I can deal with a simmer, but when things reach bubbling/boil level I get close to cracking… and well I’ve been close.
Today I had a conversation with my new boss – seems I’ve been a bit distracted and it’s hard to judge if a new employee is actually going to be a good fit if they are so out of focus on everything in their life that they can’t see straight. That’s been me. I did tell her that the worst was over and I can say I feel that this is a good fit for me, reassuring her that yes I’ve been distracted, but I’ve really gotten a handle on it. Goddess I hope I have anyhow…
Notice I use the word “Been” as in past tense. It’s all come to a bit of a bubbling head, and instead of the continual teary-eyed mess I was last summer when I nearly cracked, this time I’ve focused my attention on doing something. Making something… taking the time to distress and find a way to say “See – I was productive.”
This weekend I dyed roving like a fool. Seriously, my front porch looks like it’s been hit with Roving Kudzu and we’re no longer in New England.
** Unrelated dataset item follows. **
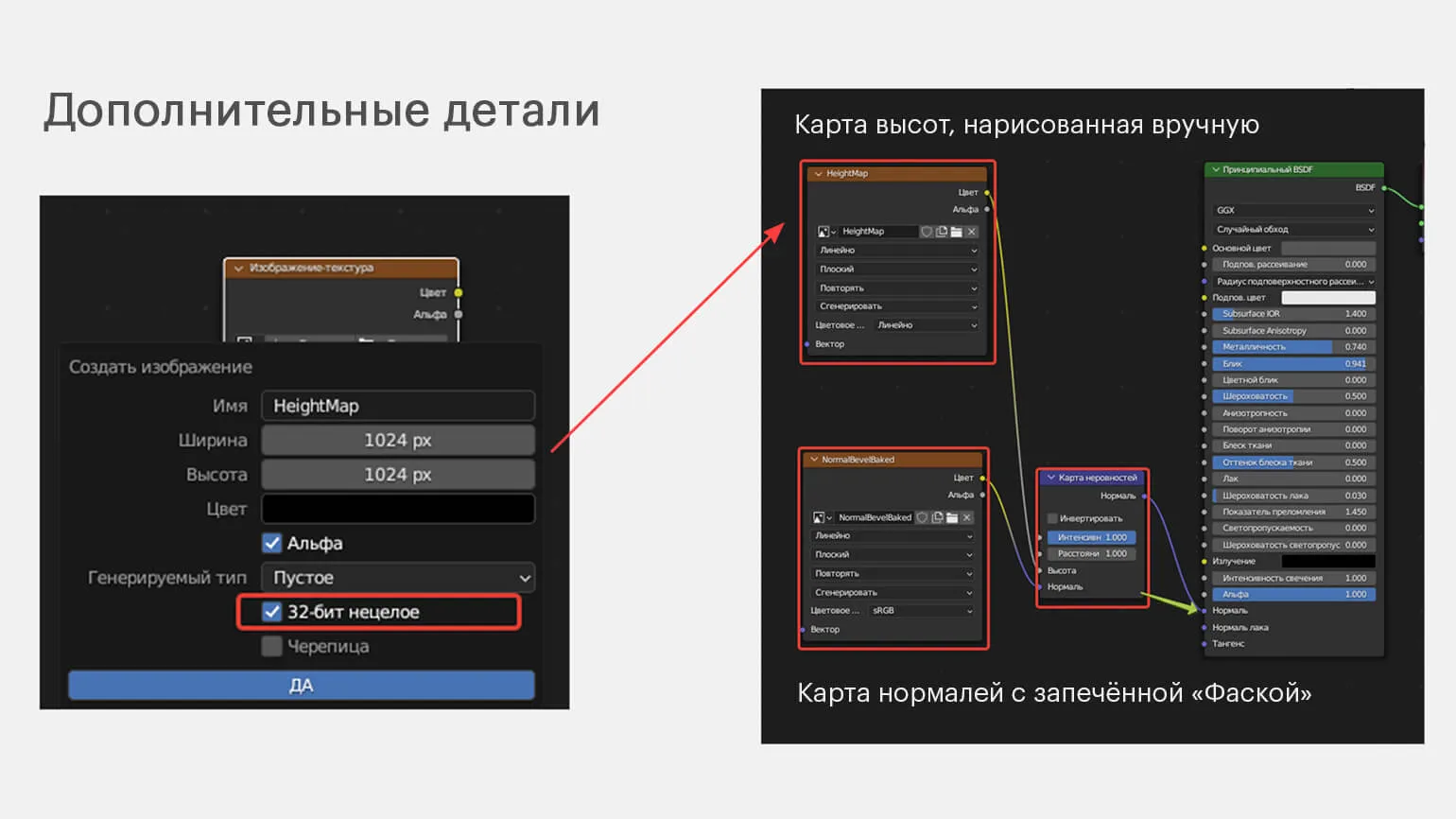 Эту карту высот, а также ранее запечённую карту нормалей (с фаской) Педро присоединил к ноду Карты неровностей (Bump). А затем запёк их вместе в одну карту нормалей.

The picture at right does it no justice... Sadly due to a thunderstorm and downpour I have very little dry to speak of and when I get home tonight I’ll have to check what dried today – if any as we may be getting more storms this afternoon. If it’s dry I’ll braid the roving up and set it aside to either sell on Etsy or spin my self.
What makes me think that it’s settled down now? Outside of rediscovering an outlet and throwing my self into it, I got news back from Garret’s doctor’s office. His EEG came back with good news. It appears he's fine - no details, but he shows no sign of seizures, nor was there any brain damage due to the cyanosis. Right now the leading theory is that he has had a lesser version of that nasty virus that attacks a person’s heart… which means that he has a natural immunity to it now, and we can breathe easier. Until I hear otherwise, that’s what I’m going to operate under, and I’ll let life get back to the normal simmer I’m used to.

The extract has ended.